*MATERIAL FOR THE TASK*:
# # #
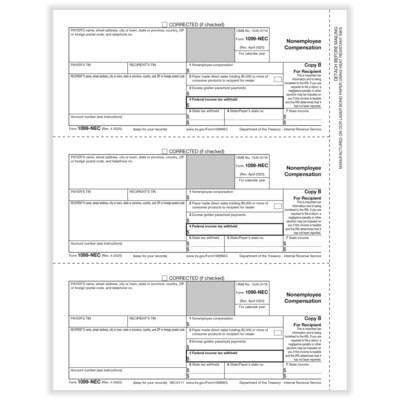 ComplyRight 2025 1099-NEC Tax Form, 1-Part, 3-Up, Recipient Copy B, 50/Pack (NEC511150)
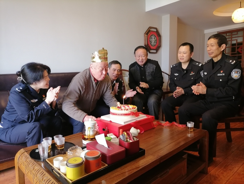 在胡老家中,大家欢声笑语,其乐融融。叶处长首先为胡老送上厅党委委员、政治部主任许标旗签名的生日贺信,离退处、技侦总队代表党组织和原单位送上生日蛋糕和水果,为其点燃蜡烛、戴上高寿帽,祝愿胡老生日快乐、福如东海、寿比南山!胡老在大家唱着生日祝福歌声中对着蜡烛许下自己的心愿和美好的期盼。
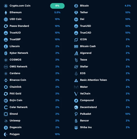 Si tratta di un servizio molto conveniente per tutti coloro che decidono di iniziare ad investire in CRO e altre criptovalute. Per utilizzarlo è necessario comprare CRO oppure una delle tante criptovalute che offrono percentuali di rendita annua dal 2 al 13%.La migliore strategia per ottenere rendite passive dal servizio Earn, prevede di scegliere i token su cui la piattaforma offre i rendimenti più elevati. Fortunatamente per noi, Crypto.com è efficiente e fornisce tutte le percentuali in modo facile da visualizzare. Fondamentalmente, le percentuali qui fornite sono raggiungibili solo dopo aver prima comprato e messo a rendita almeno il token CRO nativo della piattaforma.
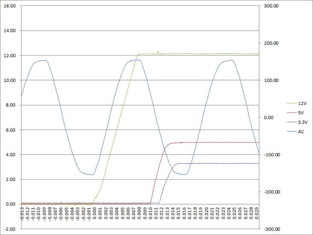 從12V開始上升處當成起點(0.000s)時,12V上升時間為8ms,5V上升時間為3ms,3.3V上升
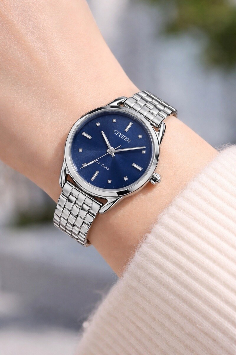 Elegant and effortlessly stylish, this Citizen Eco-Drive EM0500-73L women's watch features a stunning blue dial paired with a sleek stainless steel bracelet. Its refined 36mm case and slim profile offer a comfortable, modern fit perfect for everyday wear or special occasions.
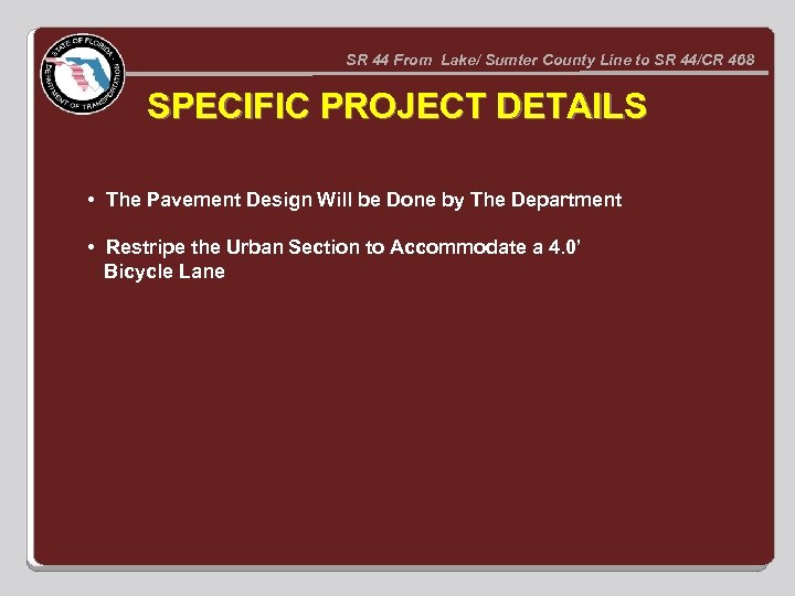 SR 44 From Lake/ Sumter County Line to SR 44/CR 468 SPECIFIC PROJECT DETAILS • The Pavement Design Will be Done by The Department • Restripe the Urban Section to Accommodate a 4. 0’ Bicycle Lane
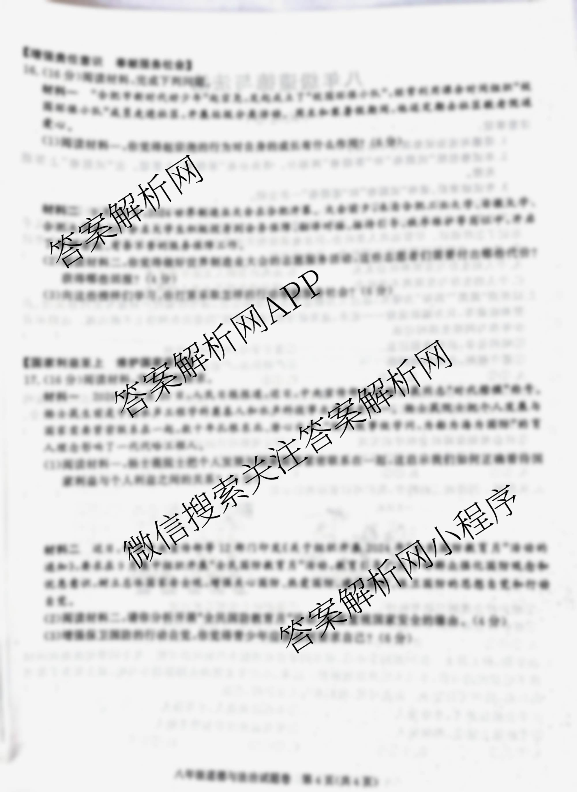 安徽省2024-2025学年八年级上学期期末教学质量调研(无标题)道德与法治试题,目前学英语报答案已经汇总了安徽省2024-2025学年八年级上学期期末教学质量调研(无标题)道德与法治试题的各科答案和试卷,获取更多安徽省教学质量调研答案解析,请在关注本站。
# # #
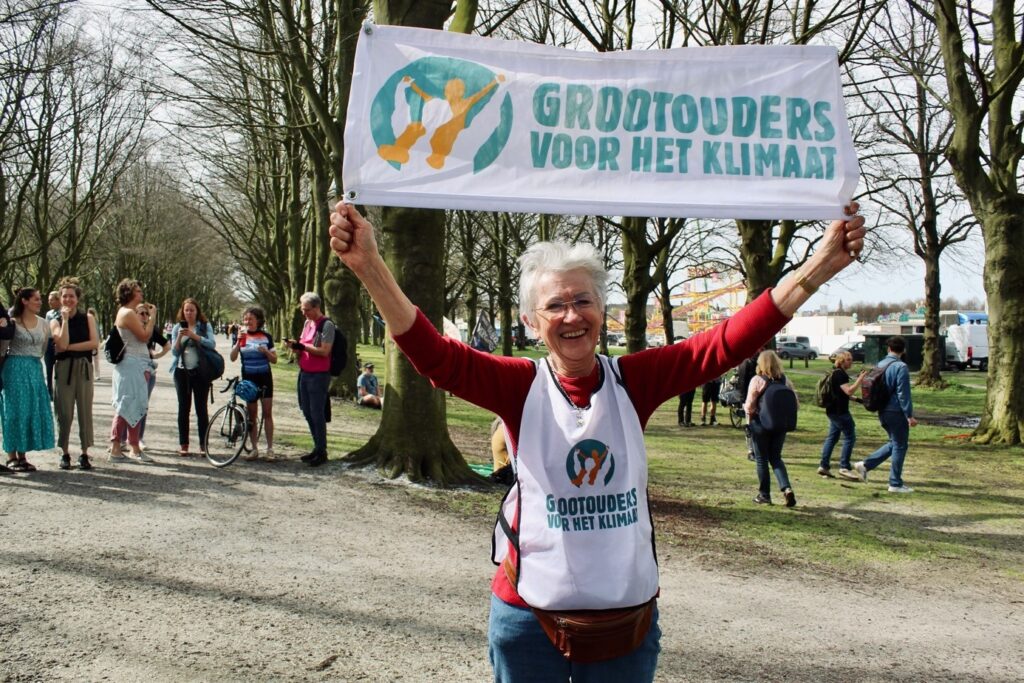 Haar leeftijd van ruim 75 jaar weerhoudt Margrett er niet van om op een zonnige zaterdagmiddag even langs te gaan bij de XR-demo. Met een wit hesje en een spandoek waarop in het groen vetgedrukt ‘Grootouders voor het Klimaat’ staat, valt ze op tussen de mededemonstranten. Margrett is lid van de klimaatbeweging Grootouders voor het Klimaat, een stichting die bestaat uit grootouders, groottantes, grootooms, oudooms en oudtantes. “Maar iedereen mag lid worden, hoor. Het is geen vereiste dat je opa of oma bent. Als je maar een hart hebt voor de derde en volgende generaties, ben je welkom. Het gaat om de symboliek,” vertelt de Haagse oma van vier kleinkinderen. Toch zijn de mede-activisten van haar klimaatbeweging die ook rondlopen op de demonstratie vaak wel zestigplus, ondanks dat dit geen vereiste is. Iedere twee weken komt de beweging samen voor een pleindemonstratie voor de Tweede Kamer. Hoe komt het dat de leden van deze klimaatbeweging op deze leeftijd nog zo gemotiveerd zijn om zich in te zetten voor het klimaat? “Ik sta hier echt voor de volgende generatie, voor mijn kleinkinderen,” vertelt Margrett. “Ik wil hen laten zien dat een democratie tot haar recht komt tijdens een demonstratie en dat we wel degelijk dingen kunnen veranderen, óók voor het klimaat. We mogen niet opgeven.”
# # #
*WORK INSTRUCTION*: What you write must match the listing exactly, from the line with "ComplyRight 2025 1099-NEC" up to and including the line with "在胡老家中,大家欢声笑语,其". Pictures stay out.

*EXERCISE RESPONSE*:
 ComplyRight 2025 1099-NEC Tax Form, 1-Part, 3-Up, Recipient Copy B, 50/Pack (NEC511150)
 在胡老家中,大家欢声笑语,其乐融融。叶处长首先为胡老送上厅党委委员、政治部主任许标旗签名的生日贺信,离退处、技侦总队代表党组织和原单位送上生日蛋糕和水果,为其点燃蜡烛、戴上高寿帽,祝愿胡老生日快乐、福如东海、寿比南山!胡老在大家唱着生日祝福歌声中对着蜡烛许下自己的心愿和美好的期盼。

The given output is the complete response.